(?) Linux Kernel Maintainability: Bees Can't Fly

but a Hurd of them might go Mach speed...

From Beth Richardson

Answered By Jim Dennis, Jason Creigton, Benjamin A. Okopnik, Kapil Hari Paranjape, Dan Wilder, Pradeep Padala, Heather Stern


I am a Linux fan and user (although a newbie). Recently I read the paper entitled "Maintainability of the Linux Kernel" (http://www.isse.gmu.edu/faculty/ofut/rsrch/papers/linux-maint.pdf) in a course I am enrolled in at Colorado State University. The paper is essentially saying that the Linux kernel is growing linearly, but that common coupling (if you are like me and cannot remember what kind of coupling is what - think global variables here.) is increasing at an exponential rate. Side note, for what it is worth - the paper was published in what I have been told is one of the "most respected" software journals.

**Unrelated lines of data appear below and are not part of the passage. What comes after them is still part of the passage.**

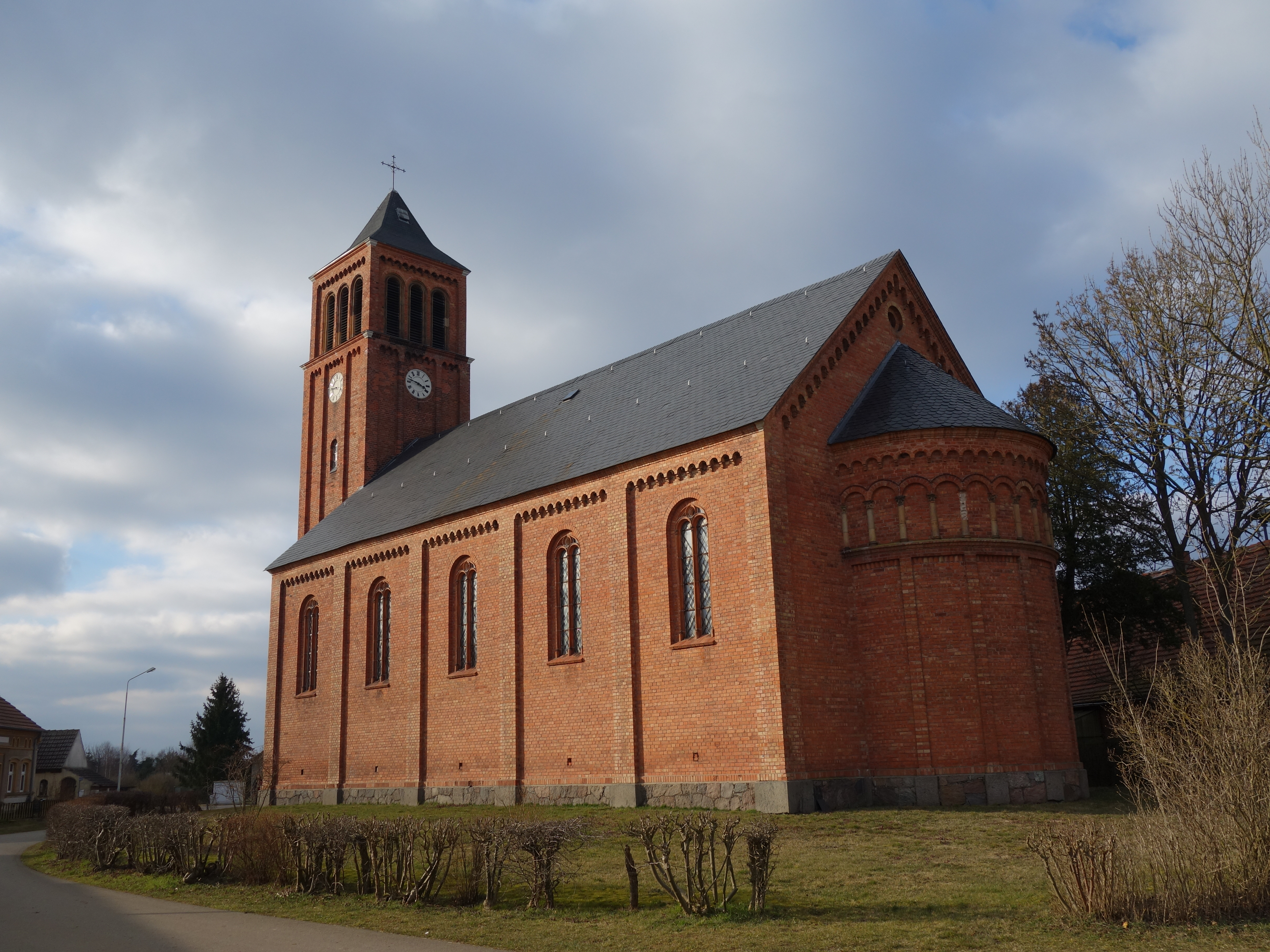 South-eastern view of Teetz church, Kyritz municipality, Ostprignitz-Ruppin district, Brandenburg state, Germany
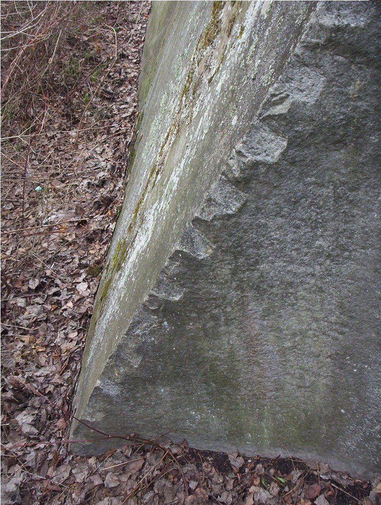 Glacial erratic (Mszczonów stone) in Zawady (powiat skierniewicki), Poland.
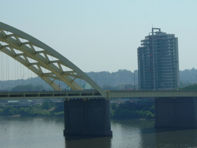 Newport KY high rise
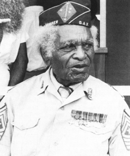 Sergeant Major Jacob Charles Vouza, who had been a Coastwatcher on Guadalcanal in 1942
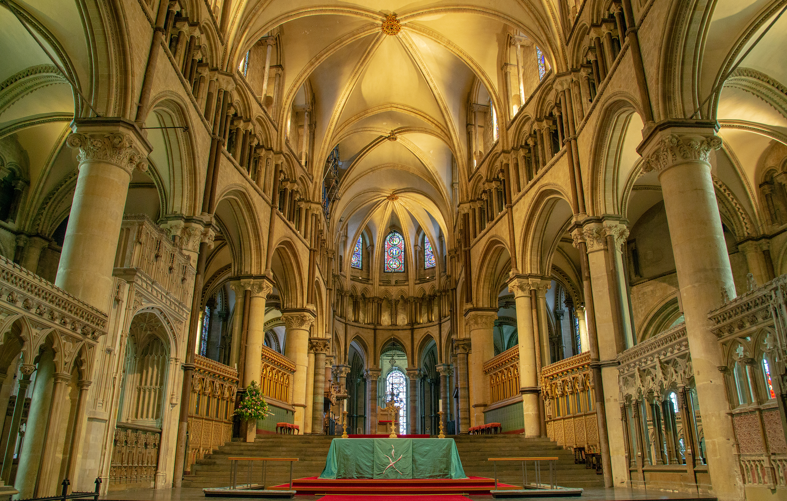 The altar area (chancel) 2018
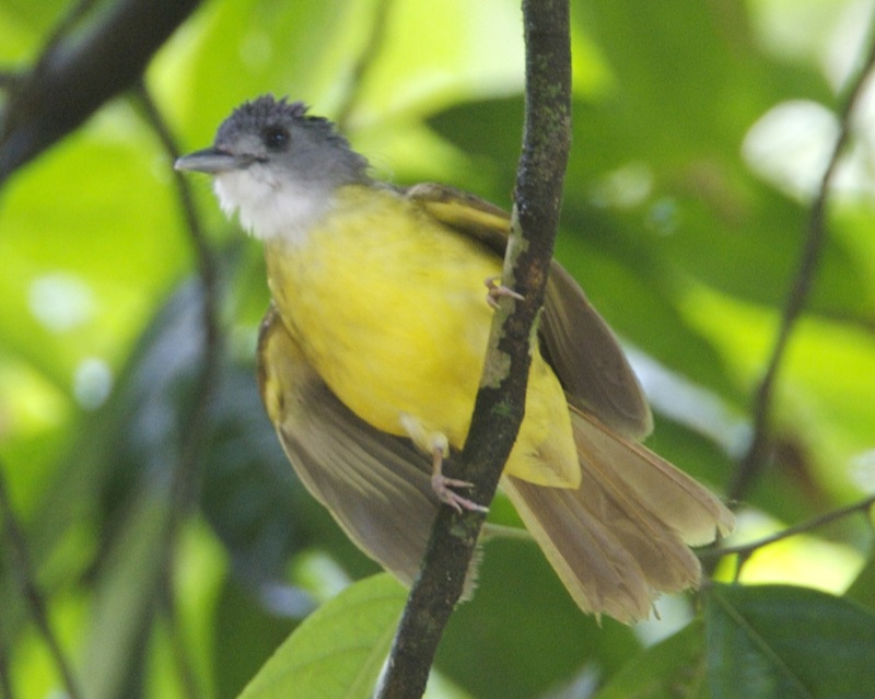 Yellow-bellied Bulbul Alophoixus phaeocephalus Nominate race, Alophoixus phaeocephalus phaeocephalus 14th. June 2009 Panti Forest, Johor, Malaysia 690V8126
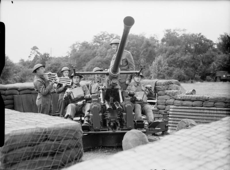 The British Army in the United Kingdom 1939-45 40mm Bofors gun and crew at Stanmore in Middlesex, 28 June 1940.
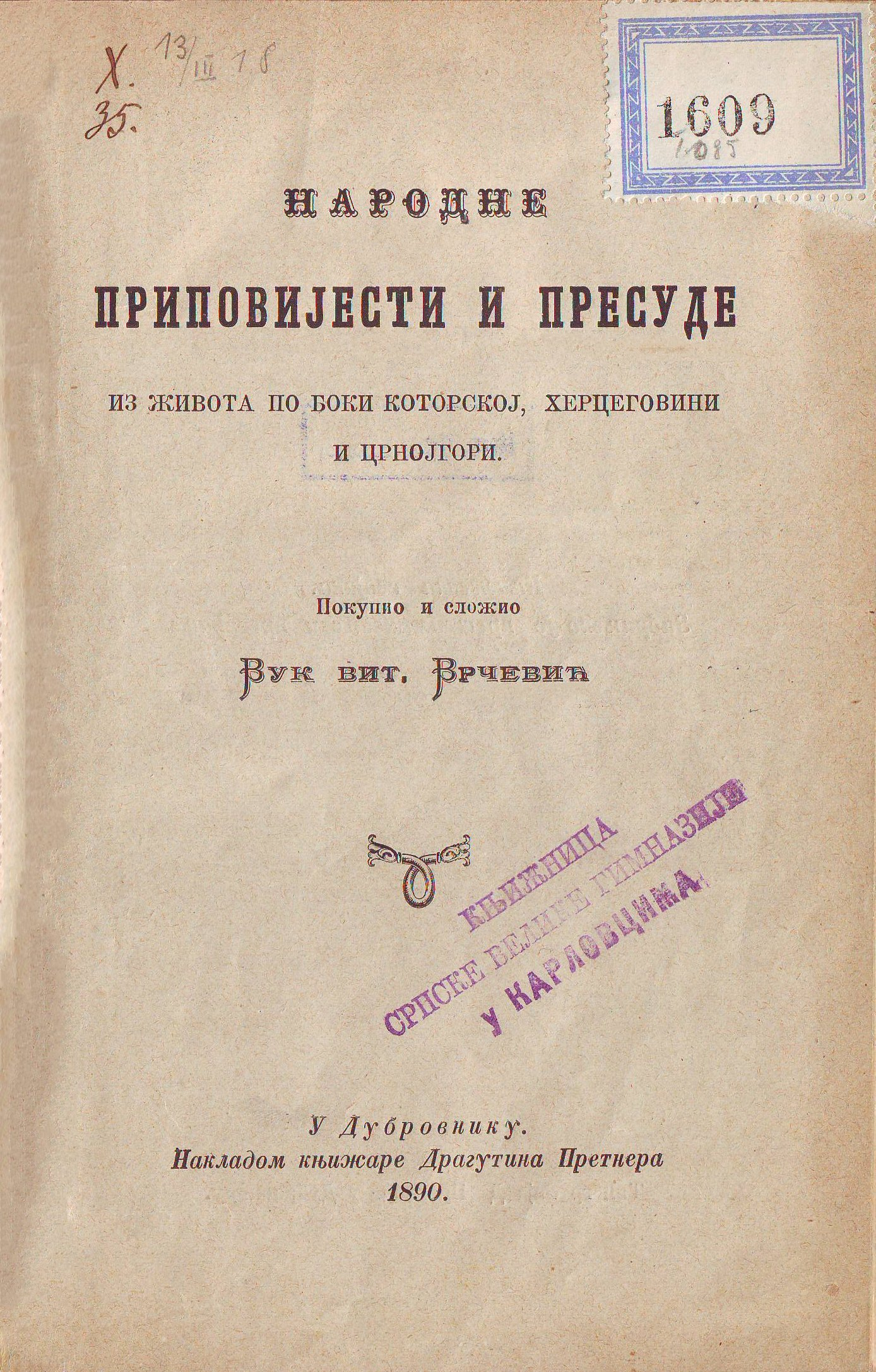 Cover of Narodne pripovijesti i presude (1890) by Vuk Vrčević. Srpski (latinica): Naslovna strana Narodnih pripovijesti i presuda (1890) Vuka Vrčevića.

I have searched around on the web and have been unable to find any kind of a reply to this paper from a knowledgeable Linux supporter. I would be very interested in hearing the viewpoint from the "other side" of this issue!

Thanks for your time, Beth Richardson

(!) [JimD] Basically it sounds like they're trying to prove that bees can't fly.
(Traditional aerodynamic theories and the Bernoulli principle can't be used to explain how bees and houseflies can remain aloft; this is actually proof of some limitations in those theories. In reality the weight of a bee or a fly relative to air density means that insect can do something a little closer to "swimming" through the air --- their mass makes air relatively viscous to them. Traditional aerodynamic formulae are written to cover the case where the mass of the aircraft is so high vs. air density that some factors can be ignored.).
I glanced at the article, which is written in typically opaque academic style. In other words, it's hard to read. I'll admit that I didn't have the time to analyze (decipher) it; and I don't have the stature of any of these researchers. However, you've asked me, so I'll give my unqualified opinion.
Basically they're predicting that maintainance of the Linux kernel will grow increasing difficult over time because a large number of new developments (modules, device drivers, etc) are "coupled" (depend on) a core set of global variables.

(?) [Jason] Wouldn't this affect any OS? I view modules/device drives depending on a core as a good thing, when compared to the alterative, which is depending on a wide range on varibles. (Or perheps the writers have a different idea in mind. But what other alterative to depending a core would there be other than depending on a lot of things?)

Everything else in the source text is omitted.